Bir ülkede 119 ayrı ideolojik çizgi ve bunun politikaya dönüştürülmüş hali mümkün mü? Elbette hayır. Hadi bunu geçtik. 36 ayrı ideolojik/politik çizgi, ülkenin yarısında kendisini bir “dava” olarak örgütleyecek insan edinebilir mi? Bu da çok “kolay” olmasa gerek! Denilebilir ki üç-beş temel ideolojik ayrım duruyor ancak bugün için asıl belirleyici olan politik tutumlar. O zaman açıklanması gereken; AKP ile BBP arasında nasıl bir politik ayrım var, ya da CHP ile Memleket Partisi arasında, ya da Deva ile Gelecek arasında, ya da Saadet ile Yeniden Refah arasında veya da TİP ile EMEP arasında? Bu “ya da”lar daha yan/alt kategorilere inince daha da işin içinden çıkılmaz olabilir. Kıssadan denilebilir ki bu ayrımlar biraz tarihsel, biraz grup çıkarımsal, hadi biraz kişisel nedenlere dayanıyor. Neyse asıl konumuz bunun nedenlerini araştırıp “çözüm” bulmak değil, asıl konu bu durumun yarattığı güncel siyasal sonuçlar.

Bilindiği üzere yüzde 50+1’in masadaki her şeyi alacağı bir sonuçla/sandıkla karşı karşıyayız.
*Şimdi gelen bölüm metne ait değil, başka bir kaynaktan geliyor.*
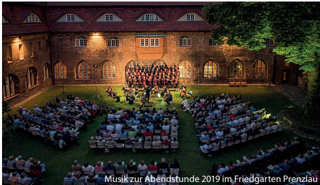
Musik zur Abendstunde 2019 im Friedgarten Prenzlau
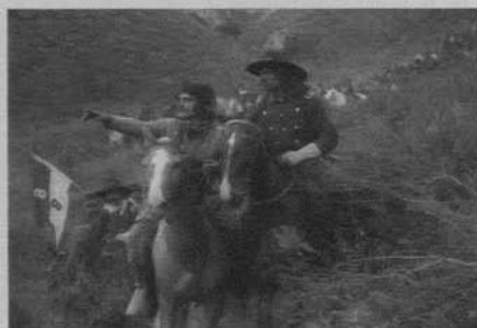
Figura 1: The Massacre (D. W. Griffith 1912)

Parma hasta la de Borodino en Guerra y Paz 11 . Pero además de la cuestión narrativa, el problema de la construcción de la escena de batalla y las soluciones para componer y orientar la mirada del espectador por el espacio se pueden relacionar con las encontradas por la pintura clásica desde los tiempos de Paolo Uccello 12 partiendo de algunas premisas básicas. Entre ellas destacaré las que considero más importantes: la definición clara de los contendientes, un patrón geométrico que convierta el campo de batalla en escenario sometido a los parámetros de la perspectiva, el papel decorativo pero también compositivo (sobre todo en el tratamiento de la profundidad y en el cierre de la perspectiva) de la naturaleza, la elaboración de líneas internas en la composición y en el tratamiento cromático que dirijan la mirada del espectador hacia los elementos más relevantes, la centralidad de las figuras protagonistas y el énfasis en recoger el instante decisivo en el que se decide el choque o se produce el momento heroico.

Yüz bin, on bin, belki bin oy bile hayat memat meselesi (İBB Başkanlık seçimi).[3] Eskiden olsa parçaları güçlendirirdi ama şimdi kazananı belirleyecek. Üstelik bir tarafta örgütlenmezse karşı tarafa yazacak, yani on bin oy, toplamda yirmi bin oy demek olacak, yüz bin oy ikiyüz bin oy demek.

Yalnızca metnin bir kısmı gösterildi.